YOUR INSTRUCTIONS: Leaving out all pictures, reproduce the entries below exactly, from the first line through the line that contains "Nombre: Caja de".

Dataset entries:
※ ※ ※

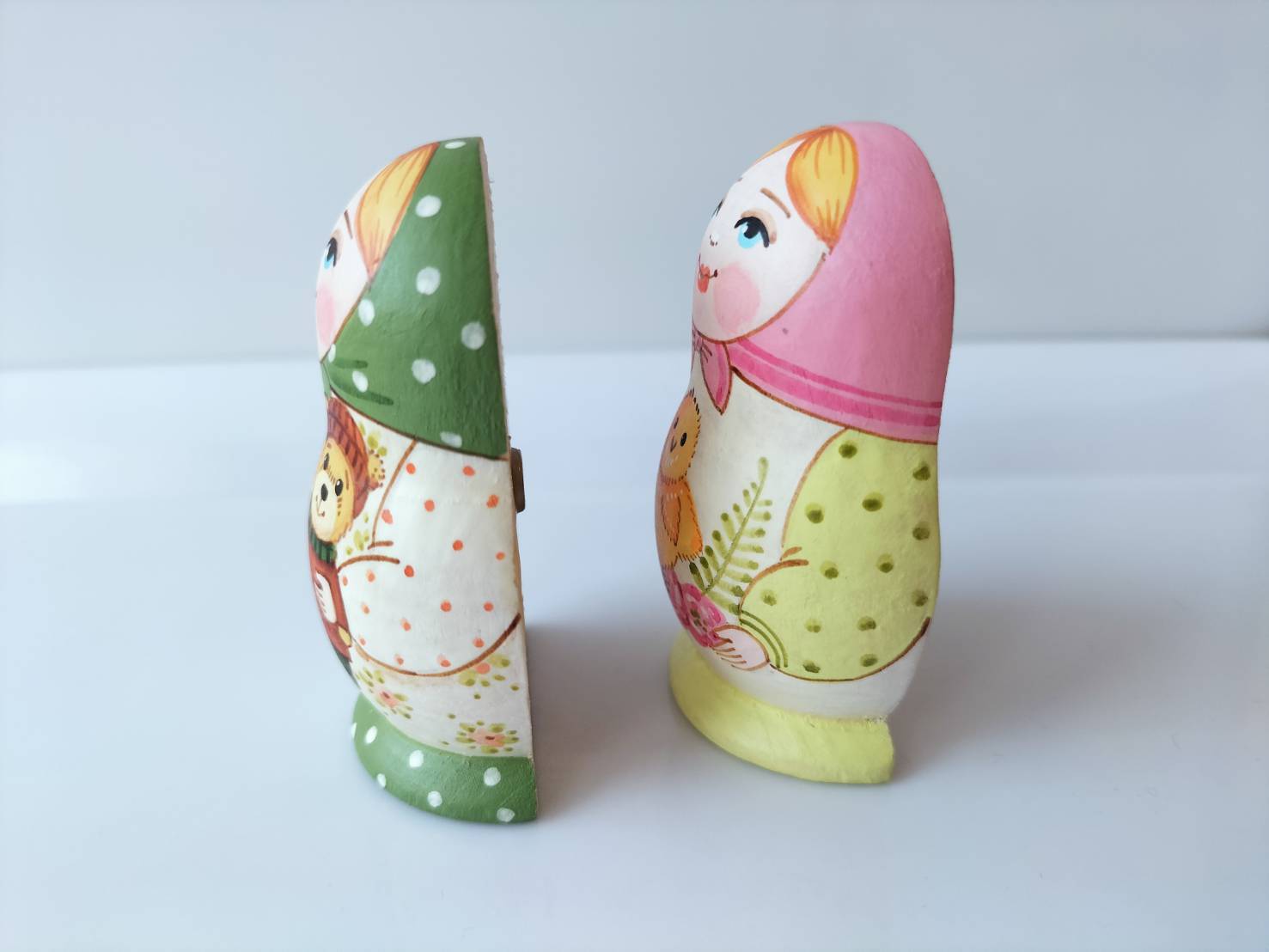 彼女の描くマトリョーシカや起き上がりこぼしは、可愛らしい顔が特徴的です。パステルカラーな色彩は誰もが持つメルヘンチックな淡い童心を思い起こさせます。
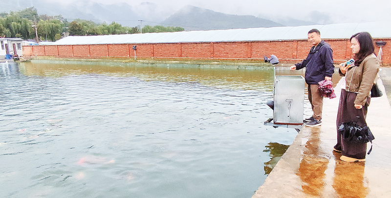 10月11日,孙明(左)在给锦鲤喂食。“妈妈快看!大红鱼跳出水面了!”一个小女孩高兴地对她妈妈喊道。10月11日,在位于丹凤县棣花镇万湾社区的丹凤县富苑华生态园有限公司鱼塘边,游客们围着鱼塘,一边欣赏锦鲤,一边拍照。鱼塘里的锦鲤欢快地游来游去,有红色的、黄色的和彩色的,色彩斑斓,令人赏心悦目。鱼儿还不时跃出水面,似与游人相乐。惊鸿一瞬,溅起一片水花,孩子们见了,禁不住欢呼雀跃。生态园里,到处一片欢声笑语。
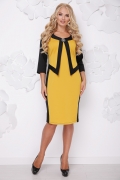 .Платье женское ботальное,полуприлегающего силуэта.Рукав длинный прямой.Полочка с отлетными планками имитирующими жакет.Горловина круглая оформленая обтачкой с закругленными концами по центру украшеная брошкой.Спинка с рельефами и средним швом.Длина изделия 110 см.Размеры 60 и 62 +50 гр.
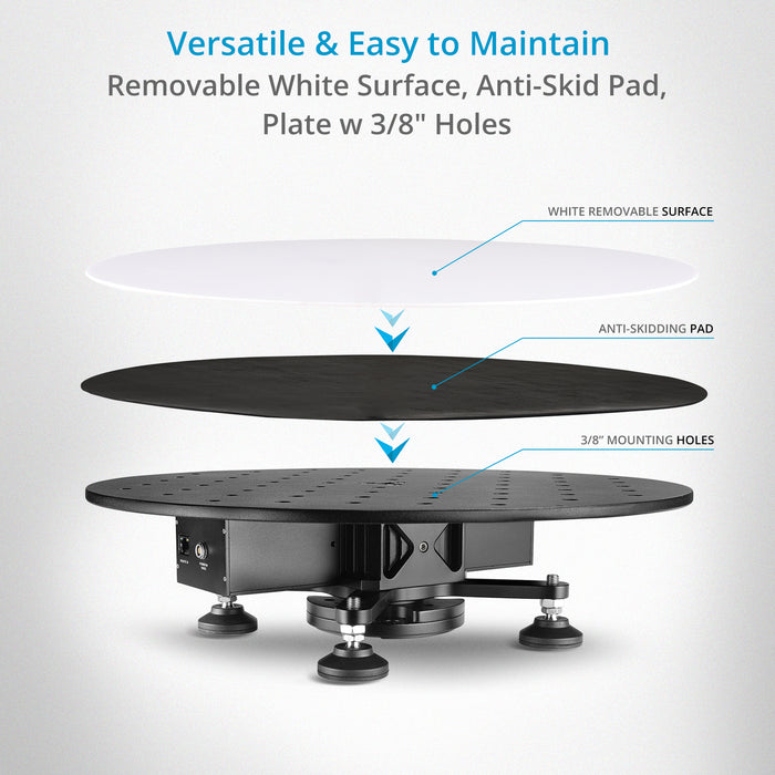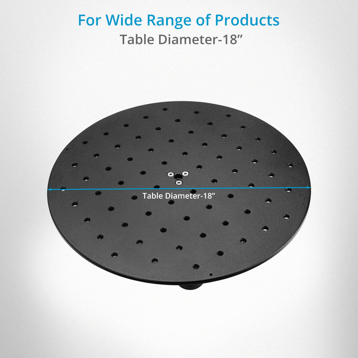 The Proaim Turntable features a removable white top surface for effortless cleaning and replacement, while the anti-skid pad underneath ensures stability. With an 18" diameter, it accommodates a variety of products and fits seamlessly into desktop lightboxes. The aluminum plate beneath is equipped with 3/8" holes, offering versatile mounting options for products or additional grip equipment.
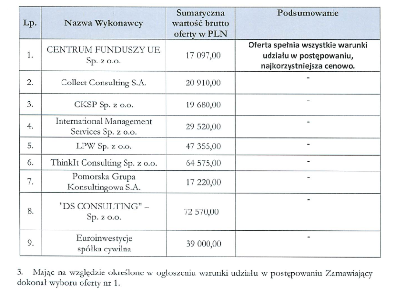 4 października spośród 9 ofert miasto wybrało najkorzystniejszą propozycję (i zarazem najtańszą) - od firmy Centrum Funduszy na sumę 17.097 PLN brutto. Teraz czekamy na umowę i szybką pracę, aby zdążyć przed końcem naboru. Poniżej zestawianie wszystkich ofert:
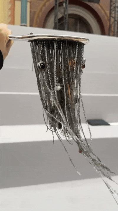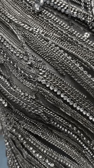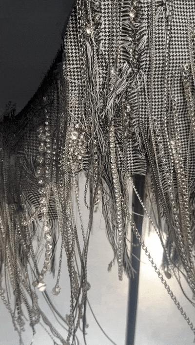 裙身由好几种不同材质不同粗细的金属链条交缠而成,既重工又有个性。
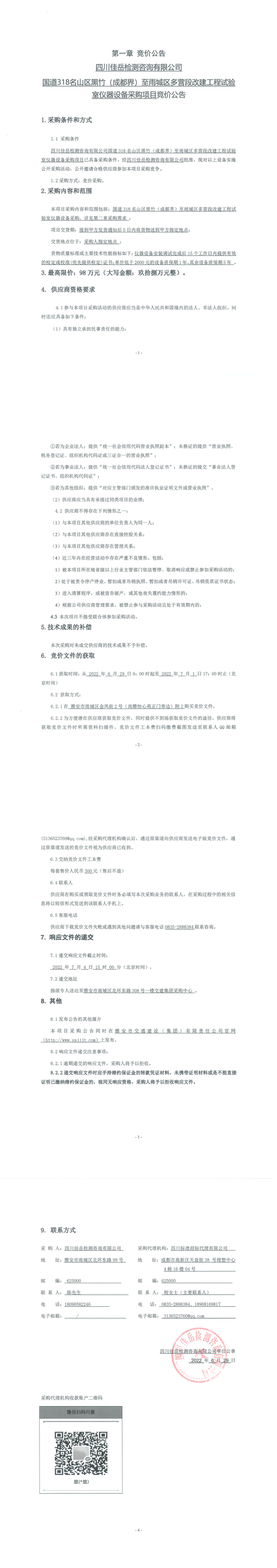 四川佳岳檢測(cè)咨詢有限公司國道318名山區(qū)黑竹(成都界)至雨城區(qū)多營段改建工程試驗(yàn)室儀器設(shè)備采購項(xiàng)目競價(jià)公告
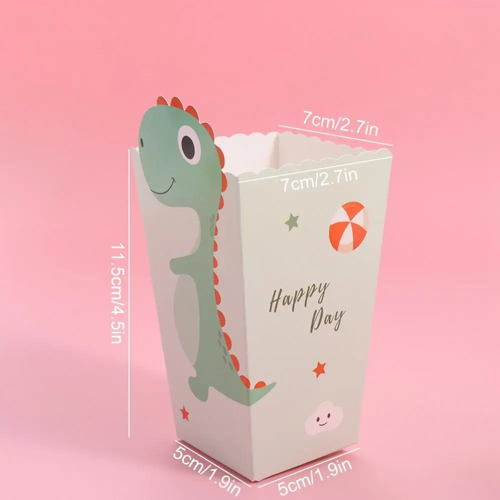 Nombre: Caja de palomitas de dinosaurio de dibujos animados Color: como se muestra tamaño: 7x5x11,5 cm (2,76x1,97x4,53 pulgadas) Material: papel El paquete incluye: Caja de palomitas de dinosaurio de dibujos animados de 12 piezas (3 por estilo) Nota: 1. Permita un error de 1-3cm (0,39-1,18 pulgadas) debido a la medición manual. 2. a la diferencia entre diferentes monitores Debido, es posible que la imagen no refleje el color real del artículo.
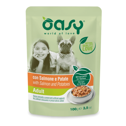 Oasy Straccetti in Salsa sono succulenti straccetti di carne per cani. Disponibili in 3 varianti – manzo, tacchino, salmone – e preparati con verdure in delicata salsa. Per cani adulti di tutte le taglie.
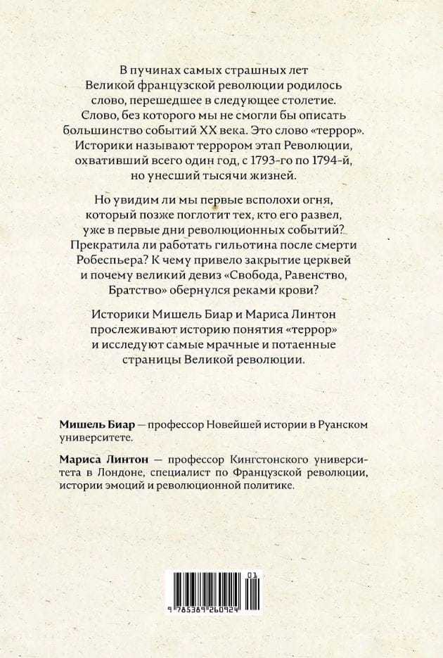Французская революция XVIII века стала парадоксом для всего мира. Борьба за права человека и свободу народоизъявления обернулась кровавыми репрессиями и массовыми казнями. Революция уравняла права граждан перед законом — и вместе с тем их шансы оказаться под лезвием гильотины. Именно этому удивительному парадоксу посвящено исследование Мишель Биар и Марисы Линтон, вместе с которыми читатель исследует самые темные события Революции — время террора. Был ли террор хаотичным порождением казней Максимилиана Робеспьера или тщательно спланированной революционной политикой? Какие философские идеи, страхи и надежды подпитывали распространение насилия среди народа и почему политики пренебрегли правами человека, начав «нарушать закон ради спасения закона»?
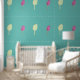 Ontworpen met elegante bloemmotief abstracte achtergrond in geel en roze in aangepaste blauwgroen blauwe kleur! Groot voor hoofdslaapkamerdecor, baby kwekerij, kinder ruimten, woonkamers, keuken en badkamerdecor! U kunt de achtergrondkleur wijzigen als u wilt!

※ ※ ※

OUTPUT FOR THIS TASK:
 彼女の描くマトリョーシカや起き上がりこぼしは、可愛らしい顔が特徴的です。パステルカラーな色彩は誰もが持つメルヘンチックな淡い童心を思い起こさせます。
 10月11日,孙明(左)在给锦鲤喂食。“妈妈快看!大红鱼跳出水面了!”一个小女孩高兴地对她妈妈喊道。10月11日,在位于丹凤县棣花镇万湾社区的丹凤县富苑华生态园有限公司鱼塘边,游客们围着鱼塘,一边欣赏锦鲤,一边拍照。鱼塘里的锦鲤欢快地游来游去,有红色的、黄色的和彩色的,色彩斑斓,令人赏心悦目。鱼儿还不时跃出水面,似与游人相乐。惊鸿一瞬,溅起一片水花,孩子们见了,禁不住欢呼雀跃。生态园里,到处一片欢声笑语。
 .Платье женское ботальное,полуприлегающего силуэта.Рукав длинный прямой.Полочка с отлетными планками имитирующими жакет.Горловина круглая оформленая обтачкой с закругленными концами по центру украшеная брошкой.Спинка с рельефами и средним швом.Длина изделия 110 см.Размеры 60 и 62 +50 гр.
 The Proaim Turntable features a removable white top surface for effortless cleaning and replacement, while the anti-skid pad underneath ensures stability. With an 18" diameter, it accommodates a variety of products and fits seamlessly into desktop lightboxes. The aluminum plate beneath is equipped with 3/8" holes, offering versatile mounting options for products or additional grip equipment.
 4 października spośród 9 ofert miasto wybrało najkorzystniejszą propozycję (i zarazem najtańszą) - od firmy Centrum Funduszy na sumę 17.097 PLN brutto. Teraz czekamy na umowę i szybką pracę, aby zdążyć przed końcem naboru. Poniżej zestawianie wszystkich ofert:
 裙身由好几种不同材质不同粗细的金属链条交缠而成,既重工又有个性。
 四川佳岳檢測(cè)咨詢有限公司國道318名山區(qū)黑竹(成都界)至雨城區(qū)多營段改建工程試驗(yàn)室儀器設(shè)備采購項(xiàng)目競價(jià)公告
 Nombre: Caja de palomitas de dinosaurio de dibujos animados Color: como se muestra tamaño: 7x5x11,5 cm (2,76x1,97x4,53 pulgadas) Material: papel El paquete incluye: Caja de palomitas de dinosaurio de dibujos animados de 12 piezas (3 por estilo) Nota: 1. Permita un error de 1-3cm (0,39-1,18 pulgadas) debido a la medición manual. 2. a la diferencia entre diferentes monitores Debido, es posible que la imagen no refleje el color real del artículo.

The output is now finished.